Click here to go to our main page on resistive splitters
Click here to go to our page on L-pads
Click here to go to our main page on unequal splitters
Click here to check out Adams' unequal resistive splitter, it offers less loss that the Owen splitter but lower isolation between arms (and it doesn't offer 3-way or higher splits)
Update December 2011: Kevin helped us out with some equations for the equal-split case. Bravo!
This idea for this content was contributed by Chris Owen, who designed this cool splitter. No where else in the universe but Microwaves101 will learn about this, thanks to Chris who chose to "publish" it here!
Update October 2010: Looks like MiniCircuits now markets an Owen splitter. Someone there must have read about it on this Microwaves101 web page! Look for part number ZFRSC-123 on this page.
Here's an example of an Owen splitter.
The Owen splitter provides multiport capability (2-way to N-way), with unequal splits possible to any of the ports. Like all resistive splitters it offers wideband performance. What sets this splitter apart from others (wye, delta, and the Adams splitter) is that the Owen splitter achieves maximum output to output isolation because none of the resistors are in the common path. In this respect there is no better resistive splitter!

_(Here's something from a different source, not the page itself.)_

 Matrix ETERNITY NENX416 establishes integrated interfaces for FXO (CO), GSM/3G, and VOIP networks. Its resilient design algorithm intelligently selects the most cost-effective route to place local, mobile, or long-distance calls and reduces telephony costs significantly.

Why would you want to consider this power splitter? Everything in engineering is a tradeoff. Here's the pros and cons:
- Like all resistive splitters, the only limitation on bandwidth is due to parasitic elements, there is nothing intrinsic to the design that would limit bandwidth.
- It is simple to expand the design from 2-way to 3-way to 4-way to N-way. But with increasing N, the efficiency is reduced.

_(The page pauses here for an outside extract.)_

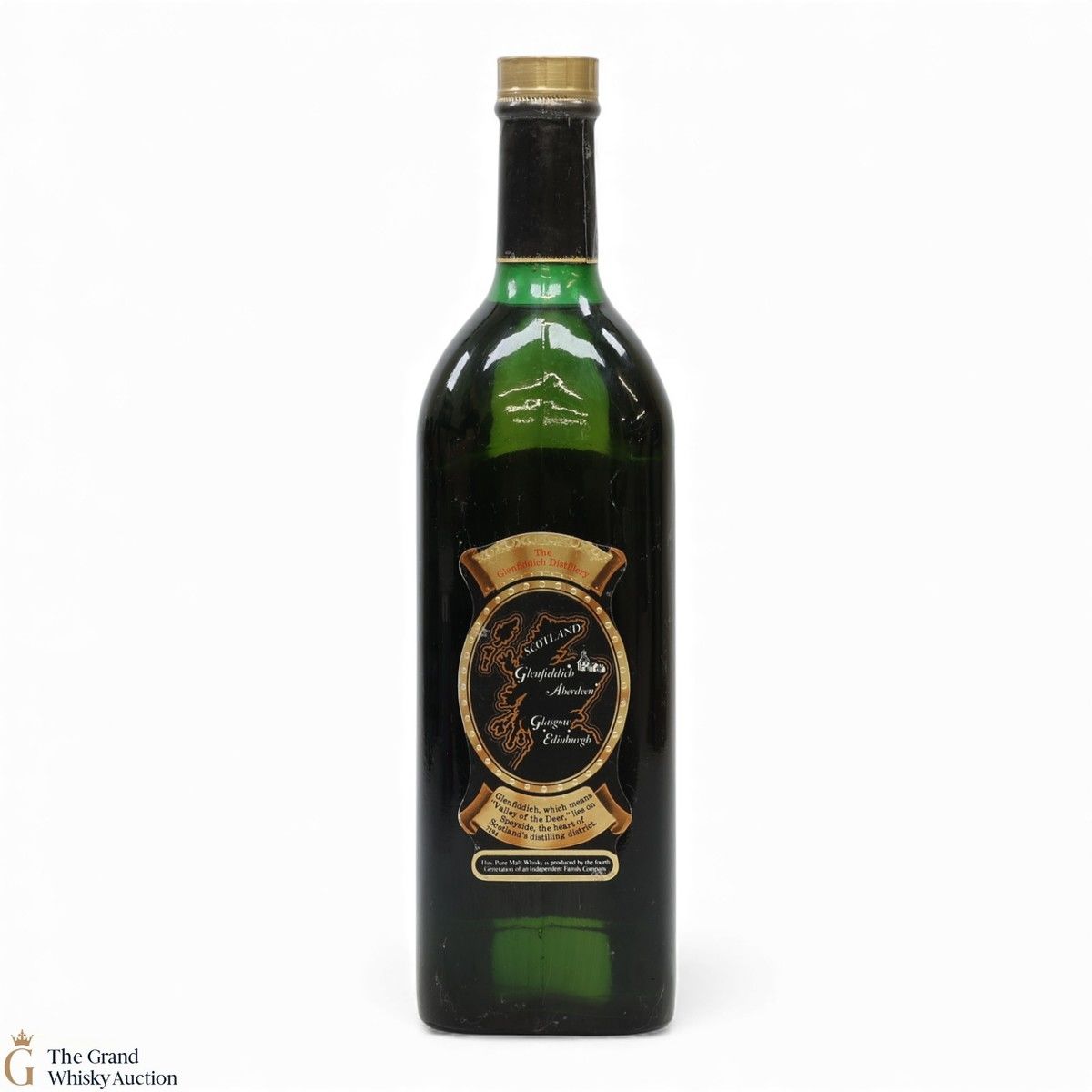 A now rare 26 2/3 Fl Ozs bottling of 1970s Glenfiddich 8 Year Old Pure Malt.

- Like all resistive splitters, you will incur "real" loss when you use it. It is actually lossier than classic wye and delta resistive splitters described here.

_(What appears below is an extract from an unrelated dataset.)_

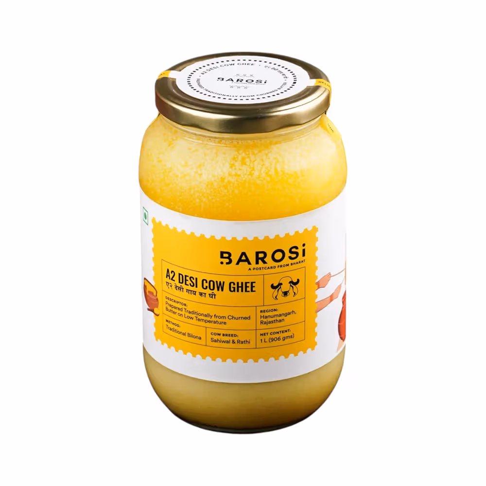 Barosi A2 Desi Cow Ghee is traditionally made using the Bilona method, rich in Omega-3 fatty acids, and supports digestion and overall well-being

- It provides better isolation between split ports than classic wye and delta splitters.
- It provides a means to vary the voltages of the signals of split ports, so it can be used as an unequal splitter.
We envision this design as a wideband equal splitter on a thin-film or thick-film chip, with 2-way, 3-way and 4-way versions. Anyone interested, give us a shout!
Here's the description Chris sent us in January 1007:
In a semiserious fashion I wish to lay claim to the Owen Resistive Splitter (similar to the Wilkinson splitter!) if it hasn't already been claimed, I have never seen it elsewhere.
This particular resistive splitter design provides 10 dB power loss from the input to both outputs, maintains 50 ohms match on all ports, AND provides 19 dB of isolation between each of the splitter outputs.
This splitter design may be useful for wideband applications (dc to 18 GHz!) where attenuation is not an issue and where a little isolation is useful and where simplicity and low cost and low space are also important.
Chris's splitter is based on L-pad attenuators.
Unequal split, two-way Owen splitter
Below is a schematic for a 2-way Owen splitter with the ports defined. Port 1 is the common port, as a divider this is where the incident signal enters. We'll use this resistor nomenclature (R1, R2, R3 and R4) in the analysis below.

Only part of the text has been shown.